Accept-Ranges: bytes
Content-Length: 14416
Connection: close
Content-Type: text/html; charset=ISO-8859-1
<!DOCTYPE HTML PUBLIC "-//W3C//DTD HTML 4.01 Transitional//EN">
<html>
...
</html>
If you will come to the same result (content type set by server) talk to your provider or web server administrator and ask him to changes the response header Content-Type to be returned like follows:
Content-Type: text/html
In order to make sure in advance that this really solves the problem you easily test it by yourself. Just use Netcat in order to start a server process on your computer which sends response.txt received by httptest.bat to the client (your web browser). Following script (Server.bat) implements such a web server using Netcat :
:start
type response.txt | netcat -l -p 8080
goto start
Start the server and use your browser to test it by typing into it's URL:
http://localhost:8080/
I did use port 8080 on purpose if you are using a local web server on port 80 by default. If not, you can start the Netcat based server on port 80 and typ into your browser URL only following address:
http://localhost
You might not see any difference to your real world web server's response, because Netcat is sending identical data. Go ahead and modify response.txt in order to delete or change the charset entry from line
Content-Type: text/html; charset=ISO-8859-1
and repeat the test.
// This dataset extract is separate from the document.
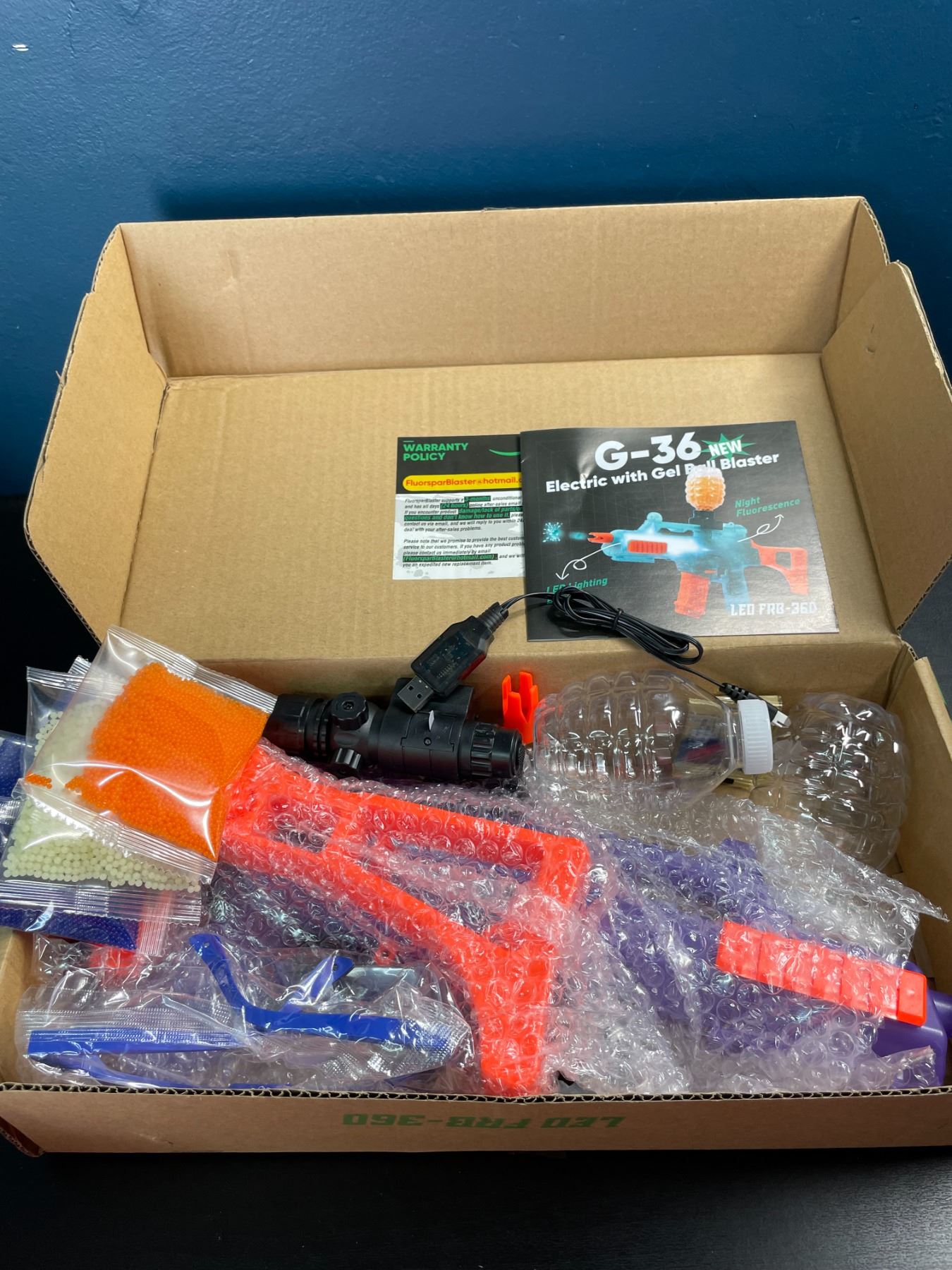 Lot of 1 G36 Automatic/Electric Ball Blaster Gun Toy - Glow In The Dark Purple w/ Lighting Effects!

With described test you can locally analyze different results of Content-Type manipulation within response header and HTML code because you run both sides of TCP communication on your computer.
Note: File utf8.zip contains scripts described here and moreover some additional Netcat based HTTP server implementing scripts which are sending one and the same content (body.txt) prefixed by different charset response headers to the client in order to demonstrate the discussed problem.